EXTRACTED DATA:
▼▼▼

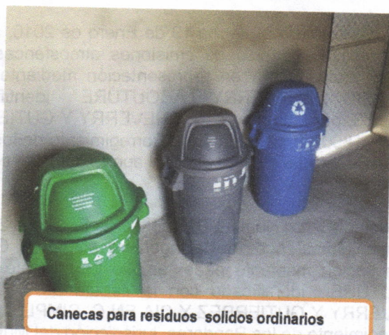
Canecas para residuos sólidos ordinarios
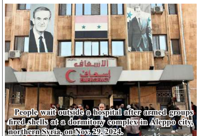
People wait outside a hospital after armed groups fired shells at a dormitory complex in Aleppo city, northern Syria, on Nov. 29, 2024.
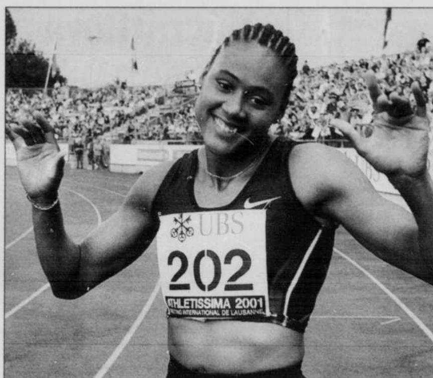
Marion Jones a eu chaud, mais elle a conservé son invincibilité sur 100 m.
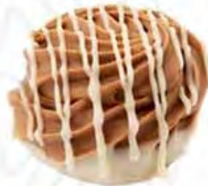
70030 FLORIS gianduja (15gr)
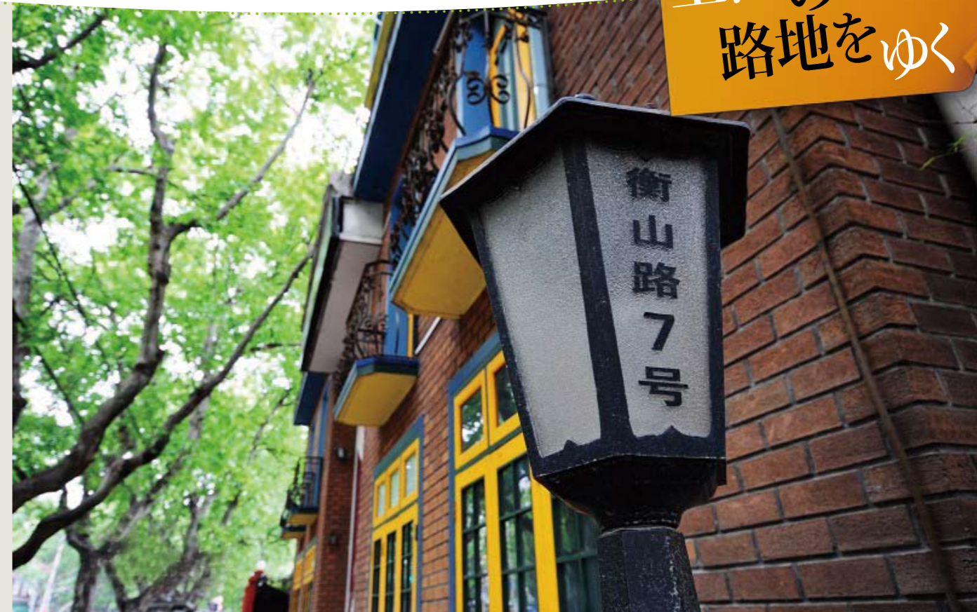
歴史を感じさせる数多くの洋館

▲▲▲

REQUIREMENT:
Repeat the data word for word. Images are not part of the copy.

WRITTEN RESPONSE:
Canecas para residuos sólidos ordinarios
People wait outside a hospital after armed groups fired shells at a dormitory complex in Aleppo city, northern Syria, on Nov. 29, 2024.
Marion Jones a eu chaud, mais elle a conservé son invincibilité sur 100 m.
70030 FLORIS gianduja (15gr)
歴史を感じさせる数多くの洋館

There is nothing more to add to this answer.